The next Sunday, Mr. X will attend a church whereby you have to contribute some hefty sums in order to receive blessings.
Mr. X has not even paid for his kids school fees and medicare. His inlaws and siblings are on his neck. And at the same time he still owes his local kiosk guy and butcher a tidy sum from last month.
Such is the reality of life around here. We have people busy working but with little or no progress to show.
Because the moment you start making a few cents in your new job or business, you come face to face with routine demands.
This is unlike other parts of the world where the society naturally gives you an opportunity to thrive. Around here, once you start showing signs of progress, the society naturally starts to feed on the embryo of your success. You become stunted.
Instead of creating opportunities for others to succeed, we create cycles of dependency.
Needless to say, many of the would-be good investors end up stuck in this rat race. This way of life means we end up creating an economy full of consumers instead of producers.
Watch-out so that you don’t end up living a hand-to-mouth lifestyle forever. Plan your life in such a way that you are making progress.
I am not telling you to evade responsibilities. All I am trying to tell you is that, if you ever have dreams of becoming a great investor some day, you must dodge this trap, somehow.
2. Making A Series Of Wrong Investment Decisions (Scarcity Mentality)
Wrong decisions don’t always have to involve reckless spending. Sometimes, the very decisions that we think are wise, are the ones that cost us big time.
Think of it this way, if you give a typical Kenyan 1 Million shillings, chances are that they will rush to buy a 1/8 th plot of land or to build a cheap house. While those two moves sound like wise choices to make, the truth of the matter is that there are much better ways to invest this kind of cash.
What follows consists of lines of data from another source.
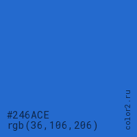 Цвет #246ACE в цветовой модели RGB обозначается тремя октетами (36, 106, 206) в десятичном формате и #246ACE в шестнадцатиричном (hex) формате, которые являются интенсивностью красного 36 (hex 24), интенсивность зелёного 106 (hex 6A) и интенсивность синего 206 (hex CE).
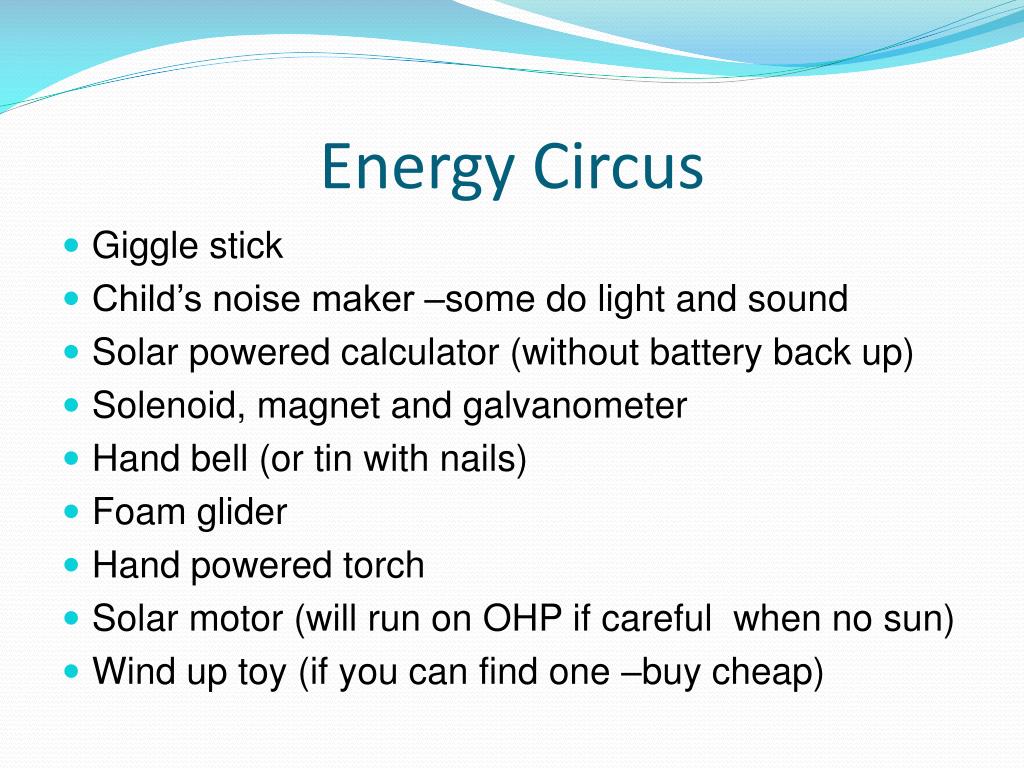 Energy Circus • Giggle stick • Child’s noise maker –some do light and sound • Solar powered calculator (without battery back up) • Solenoid, magnet and galvanometer • Hand bell (or tin with nails) • Foam glider • Hand powered torch • Solar motor (will run on OHP if careful when no sun) • Wind up toy (if you can find one –buy cheap)
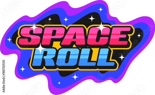 Japan seafood sushi space roll retro Y2K sticker or symbol. Sushi gourmet retro tag, Japan seafood dish Y2K vector patch. Japanese cuisine delicacy sticker with space galaxy stars and retro typography
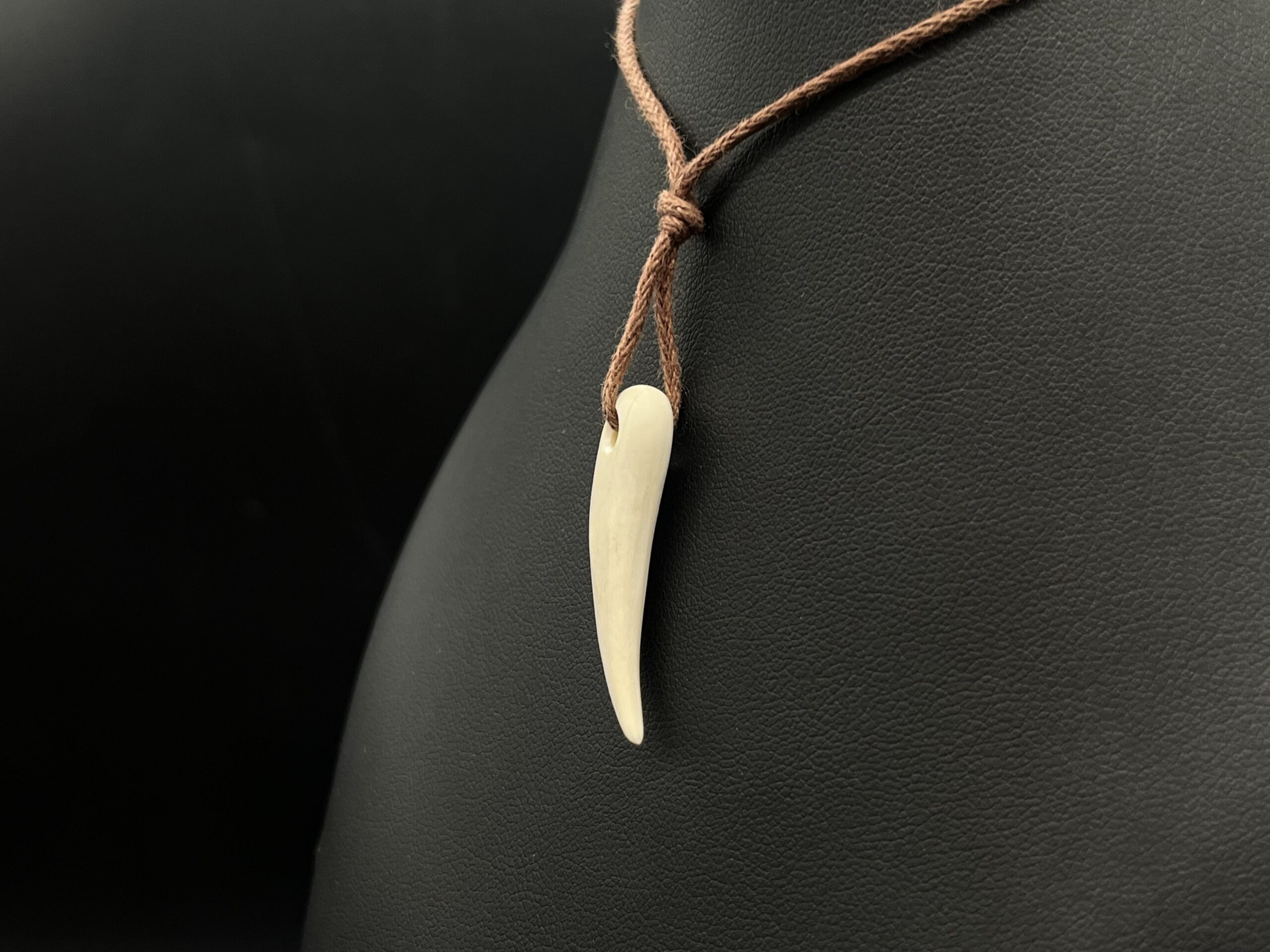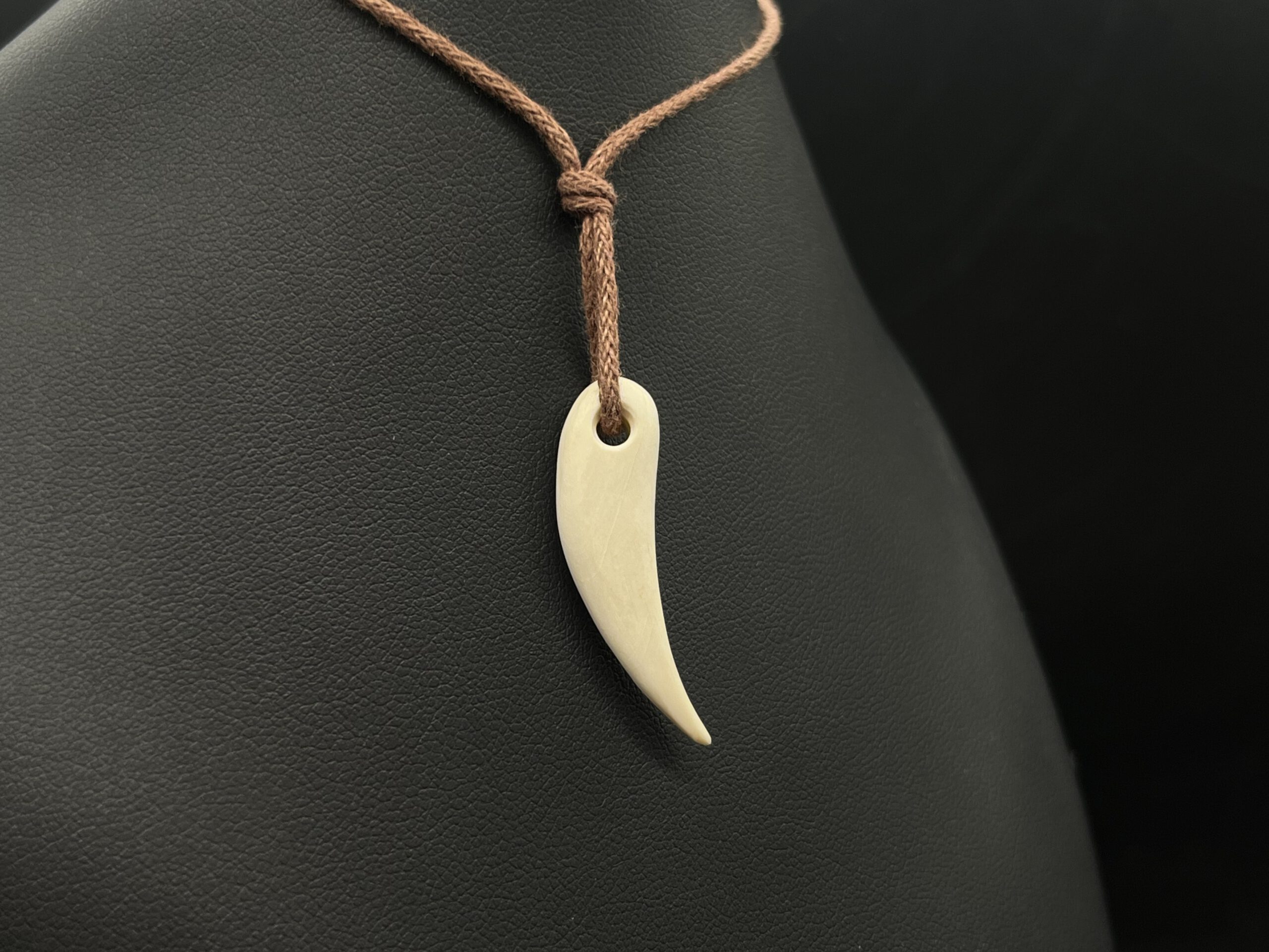 Zahnform aus Mammutelfenbein an Textilband.

You give another Kenyan some 100 million shillings, he will buy a big house in the city and hire two caretakers. You give the same amount of money to a Japanese, he will start a small electronics company that eventually grows into a multi-billion shilling business.
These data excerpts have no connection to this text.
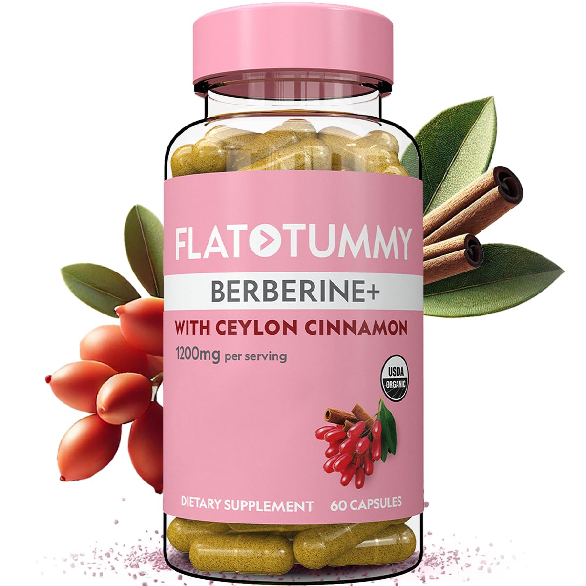 Our Flat Tummy Berberine supplement is packed with 1,200 mg of 4:1 potency berberine extract and enhanced with 250 mg of ceylon cinnamon per serving. Flat Tummy Berberine is also suitable as a post GLP-1 berberine supplement to help you continue on your journey. Each serving provides 1,200 mg of organic Berberine extract, sourced from Berberis aristata, traditionally used to enhance metabolic pathways and promote efficient nutrient processing. Complementing Berberine, we've included 250 mg of organic Ceylon Cinnamon, also known as "true cinnamon". This combination helps maintain stable energy and mood, reducing those irritable "hangry" moments. Our commitment to purity means Flat Tummy Berberine is free from fillers, additives, and excipients. It's organic, vegan-friendly, gluten-free, soy-free, and dairy-free, delivered in easy-to-swallow, tasteless vegetarian capsules made from organic pullulan. Elevate your health regimen with our premium Berberine Plus supplement!BY WOMEN, FOR WOMEN: Flat Tummy is all about helping women look and feel like the best versions of themselves with super-easy products like this Flat Tummy Berberine Plus supplement and much more. EASY-TO-SWALLOW, TASTELESS CAPSULES: Coming in organic vegetarian pullulan capsules, our organic Flat Tummy berberine supplement is convenient and easy to take, with no nasty aftertaste. PURE NATURAL INGREDIENTS, NO FILLERS: Our capsules are organic, vegan-friendly, gluten-free, soy-free, and dairy-free, ensuring a clean supplement with no fillers, additives, or excipients. PROMOTES METABOLIC HEALTH: With 1200mg of 4:1 berberine extract per serving, our Flat Tummy Berberine supplement aids in converting food into energy. When metabolic health is at its prime, your body can perform these functions efficiently. BERBERINE WITH CEYLON CINNAMON: Ever felt "hangry"? This irritable and unenergized feeling is brought to you by hormonal messengers from your body. Our Flat Tummy Berberine supplement is formulated with 250 mg of organic Ceylon Cinnamon, promoting stable energy and mood throughout the day. Flat Tummy Berberine is also suitable as a post GLP-1 berberine supplement to help you continue on your journey.
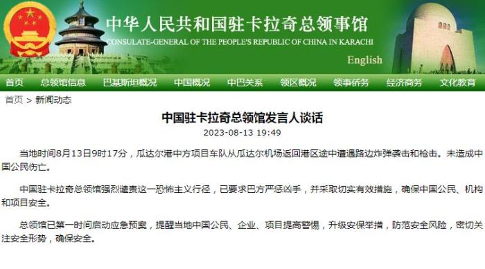 - 中國(guó)駐巴基斯坦使館就瓜達(dá)爾港中方車隊(duì)遭遇襲擊發(fā)布聲明
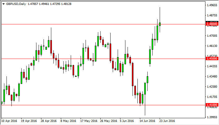 The GBP/USD pair initially rallied during the day on Thursday but found enough exhaustion above the 1.48 level to turn and form a nice-looking shooting star. This is a currency pair that will be very sensitive to whatever announcement we get coming out of the United Kingdom as far as the EU referendum is concerned today, so keep that in mind. A vote to stay within the European Union will be positive for the British pound, while a vote to leave will be negative. At this point in time, and looks as if it’s as simple as that.

We (Africans) operate with a scarcity mentality, always worrying about what could go wrong. What if I lose my job and I don’t have my own house? Society has preconditioned us to think that land ownership is the only key to wealth.
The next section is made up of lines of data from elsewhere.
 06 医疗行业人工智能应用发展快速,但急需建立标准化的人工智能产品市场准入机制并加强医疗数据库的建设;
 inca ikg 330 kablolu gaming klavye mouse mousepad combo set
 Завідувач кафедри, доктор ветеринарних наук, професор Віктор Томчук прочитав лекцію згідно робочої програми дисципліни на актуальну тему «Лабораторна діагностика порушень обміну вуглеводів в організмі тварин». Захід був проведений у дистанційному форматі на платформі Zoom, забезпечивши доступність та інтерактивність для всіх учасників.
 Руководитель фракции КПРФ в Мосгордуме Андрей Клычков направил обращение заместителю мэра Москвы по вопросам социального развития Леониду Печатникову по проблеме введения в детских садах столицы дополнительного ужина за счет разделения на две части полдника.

Now, what if that typical Kenyan was to start a small value-additional factory and take advantage of Africa’s growing consumer appetite. And grow it into a multi-million venture?
What if the guy you gave 100 million shillings was wise enough to set up an FMCG factory that employs thousands. He could even end up building a house worth billions a few years down the line…and create employment in the course of doing that.
I want to challenge you to look around you. How many products are you using that are made in Africa? Your watch is Swiss-made, your car is from Japan, laptop from USA, clothes from Turkey and body lotion is from West Europe.
To make matters worse, even the Made in Africa products we have are made from factories that are not owned by African’s themselves.
It is not that Africans don’t have the money to invest in startups. It is just that we all suffer from the “scarcity mentality”.
Change your mindset and adapt to the realities of modern living. Gone are the days when land was the only good investment you could make. Make refined investment decisions that help you make the most out of your available funds.
Stop operating from a position of lack. Instead start thinking from a position of abundance.
It is high time we learn the dos and don’ts of successful living.
Successful people see opportunities where unsuccessful people see obstacles.
Savvy investor see potential growth where everyone else sees potential loss.
As you sit down there focusing on risks, successful people are out there focusing on rewards.
Make a choice on who you want to be in life and most importantly be sure to dodge the two traps discussed above.